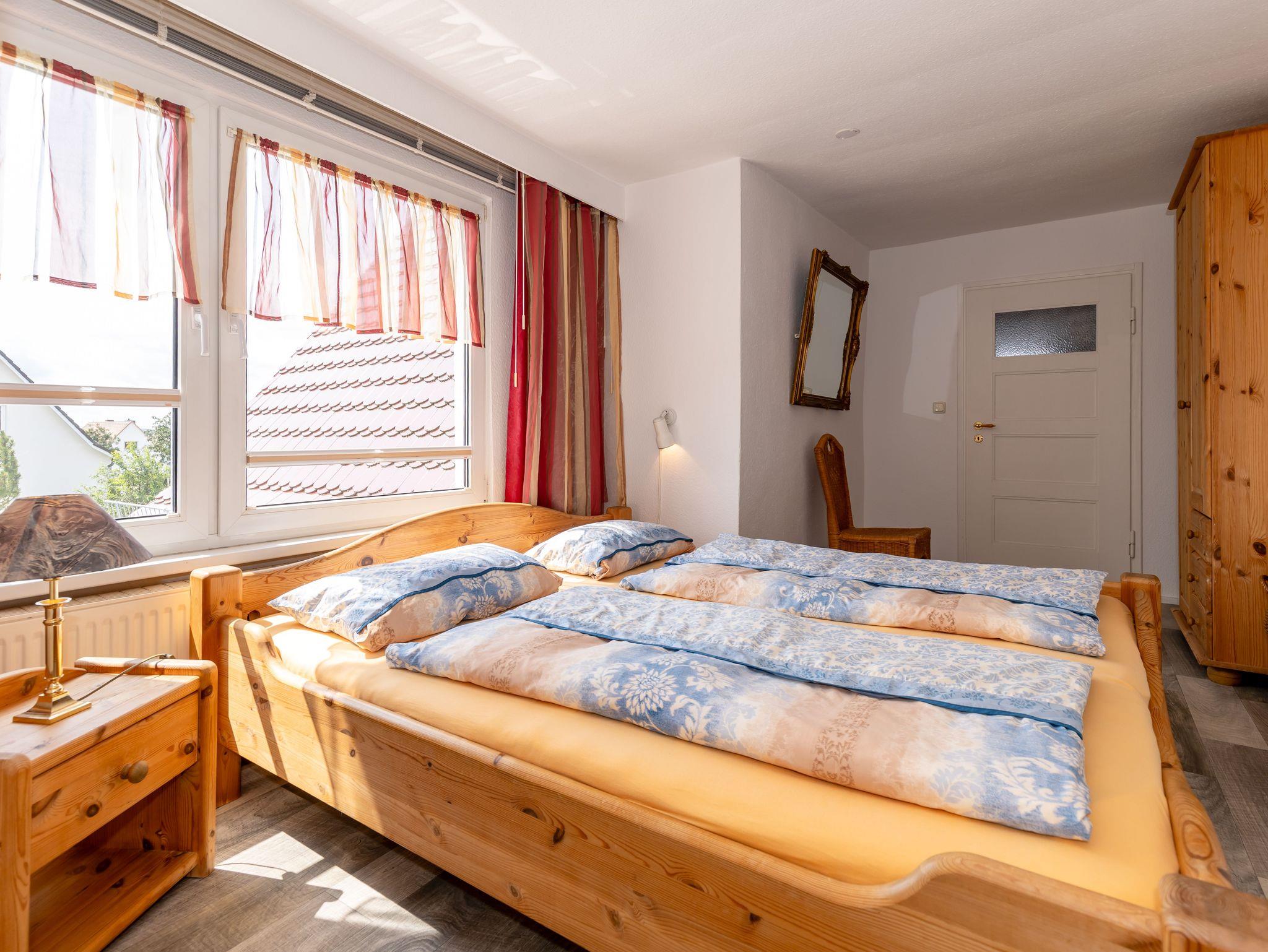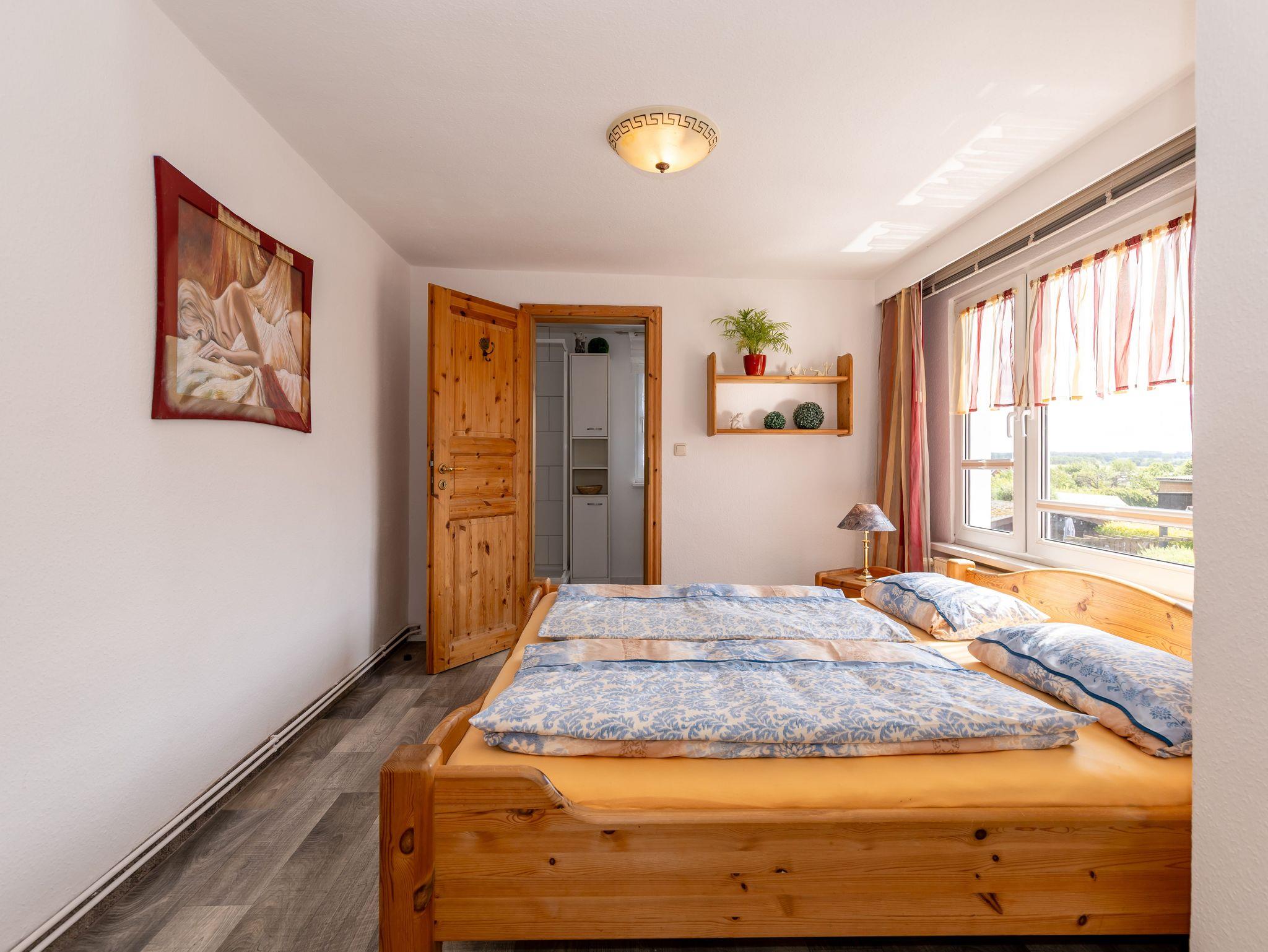 Das Schlafzimmer ist ausgestattet mit einem Kleiderschrank, einem Ganzkörperspiegel, einem Doppelbett (1,80 x 2,00) mit manuell verstellbaren Lattenrosten und einem herrlichen Blick in den Garten. Hier können Sie abends gemeinsam die Sternschnuppen zählen und werden morgens von der Sonne wachgekitzelt.
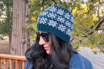 This modern snowflake Fair Isle beanie is great for all those Frozen fans out there. You can create so many different looks by changing the colors of the falling snowflakes and background color.
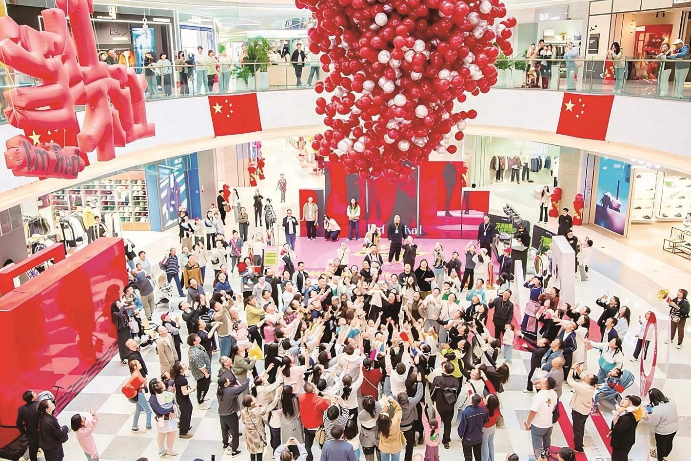 传统消费旺季历来是促消费的主战场。元旦、春节、国庆等重要节点,青山区引导区内大型商贸流通企业紧扣节点做文章,暑期、“双十一”等消费热点也精准发力,一场场主题鲜明、形式多样的促销活动接连上演,消费市场热度持续攀升。国庆期间,青山区携手一机集团在印象城打造“国之重器”隐藏款首展,成为商圈热门打卡点。坦克、高射炮等装备模型集中陈列,军工文化与地方产业特色在商圈深度交融,不仅吸引了大批市民参观打卡,也带动周边餐饮、零售消费升温,让促销活动更具文化内涵。跨年夜,印象城800架无人机编队在夜空呈现绚丽光影,科技与艺术融合营造浓厚节日氛围;青山万达广场的安塞腰鼓表演铿锵有力,浓郁的民俗气息吸引市民驻足观赏,商圈人流如织、消费热情高涨。
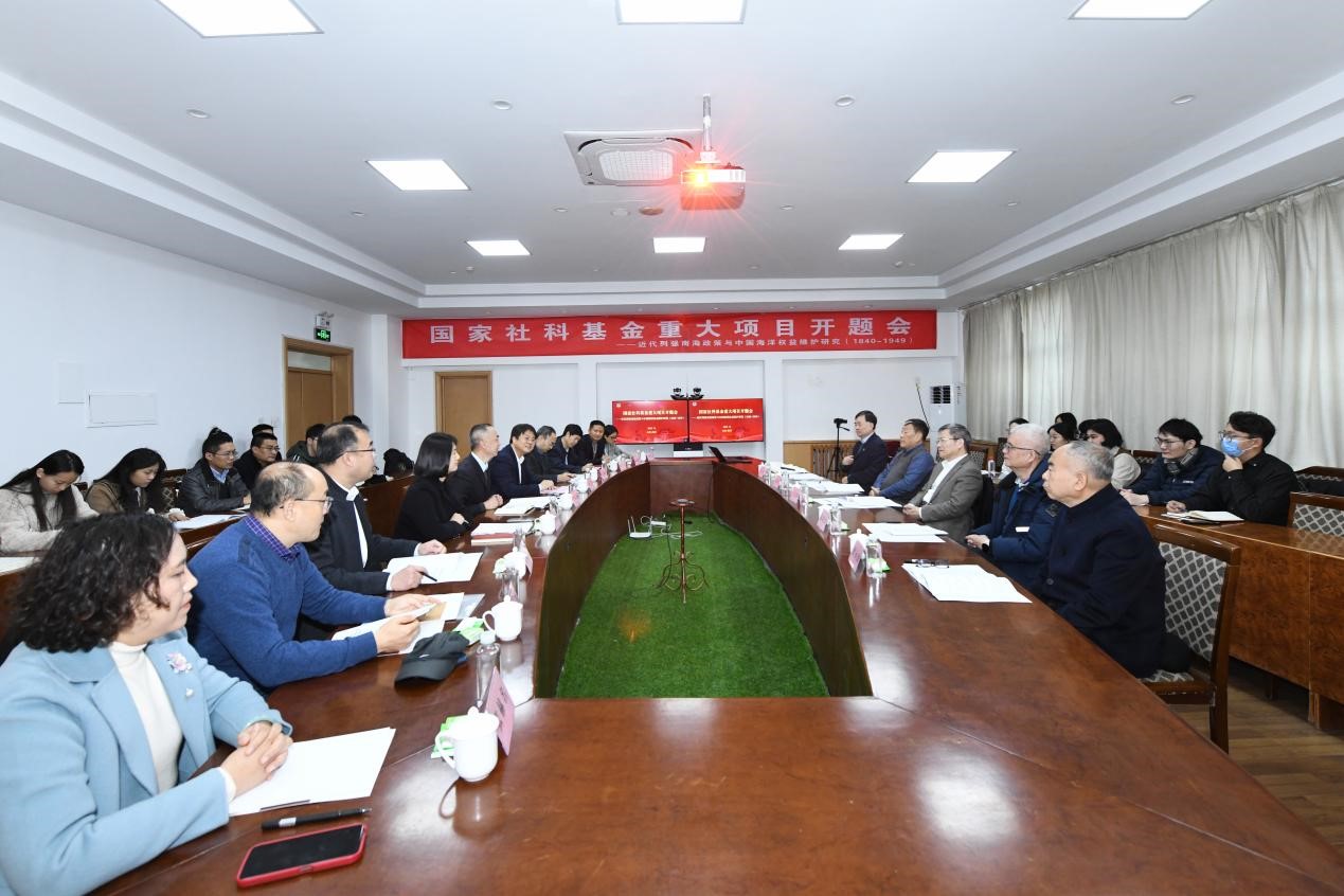 12月8日,大乐透 在行道厅举办2022年度国家社会科学基金重大项目“近代列强南海政策与中国海洋权益维护研究(1840-1949)”(22&ZD232)开题报告会,中国史学会副会长、清华大学卓越访问教授、中国历史研究院学术委员会委员、原中国社会科学院近代史研究所所长王建朗担任专家组组长,中国英国史学会副会长、江苏省世界史学会荣誉会长、中国南海研究协同创新中心周边国家平台平台长、南京大学历史学院教授陈晓律,原中国海外交通史研究会会长、原教育部人文社科重点研究基地福建师范大学闽台区域研究中心主任、福建师范大学特聘教授谢必震,国家社科基金项目学科规划会评专家、中国孔子基金会学术委员、原大乐透 校长、大乐透 孔子文化研究院教授傅永聚,联合国教科文组织和平学教席主持人、国际和平研究协会理事、江苏省世界史学会会长、南京大学历史学院教授刘成担任专家组成员。会议由大乐透 党委常委、副校长李兆祥教授主持,大乐透 党委常委、副校长刘刚教授代表学校致辞,国家“万人计划”哲学社会科学领军人才、大乐透 院长吴佩林教授代表学院致辞,大乐透 社会科学处朱莉雅处长针对项目的运行情况作了详细说明,表示将全力支持项目的研究工作。

+===+

▶ **Task to complete**:
Leave out the pictures, and retype exactly the lines from the one containing "This modern snowflake" through the final line of the data.

▶ **Answer space**:
 This modern snowflake Fair Isle beanie is great for all those Frozen fans out there. You can create so many different looks by changing the colors of the falling snowflakes and background color.
 传统消费旺季历来是促消费的主战场。元旦、春节、国庆等重要节点,青山区引导区内大型商贸流通企业紧扣节点做文章,暑期、“双十一”等消费热点也精准发力,一场场主题鲜明、形式多样的促销活动接连上演,消费市场热度持续攀升。国庆期间,青山区携手一机集团在印象城打造“国之重器”隐藏款首展,成为商圈热门打卡点。坦克、高射炮等装备模型集中陈列,军工文化与地方产业特色在商圈深度交融,不仅吸引了大批市民参观打卡,也带动周边餐饮、零售消费升温,让促销活动更具文化内涵。跨年夜,印象城800架无人机编队在夜空呈现绚丽光影,科技与艺术融合营造浓厚节日氛围;青山万达广场的安塞腰鼓表演铿锵有力,浓郁的民俗气息吸引市民驻足观赏,商圈人流如织、消费热情高涨。
 12月8日,大乐透 在行道厅举办2022年度国家社会科学基金重大项目“近代列强南海政策与中国海洋权益维护研究(1840-1949)”(22&ZD232)开题报告会,中国史学会副会长、清华大学卓越访问教授、中国历史研究院学术委员会委员、原中国社会科学院近代史研究所所长王建朗担任专家组组长,中国英国史学会副会长、江苏省世界史学会荣誉会长、中国南海研究协同创新中心周边国家平台平台长、南京大学历史学院教授陈晓律,原中国海外交通史研究会会长、原教育部人文社科重点研究基地福建师范大学闽台区域研究中心主任、福建师范大学特聘教授谢必震,国家社科基金项目学科规划会评专家、中国孔子基金会学术委员、原大乐透 校长、大乐透 孔子文化研究院教授傅永聚,联合国教科文组织和平学教席主持人、国际和平研究协会理事、江苏省世界史学会会长、南京大学历史学院教授刘成担任专家组成员。会议由大乐透 党委常委、副校长李兆祥教授主持,大乐透 党委常委、副校长刘刚教授代表学校致辞,国家“万人计划”哲学社会科学领军人才、大乐透 院长吴佩林教授代表学院致辞,大乐透 社会科学处朱莉雅处长针对项目的运行情况作了详细说明,表示将全力支持项目的研究工作。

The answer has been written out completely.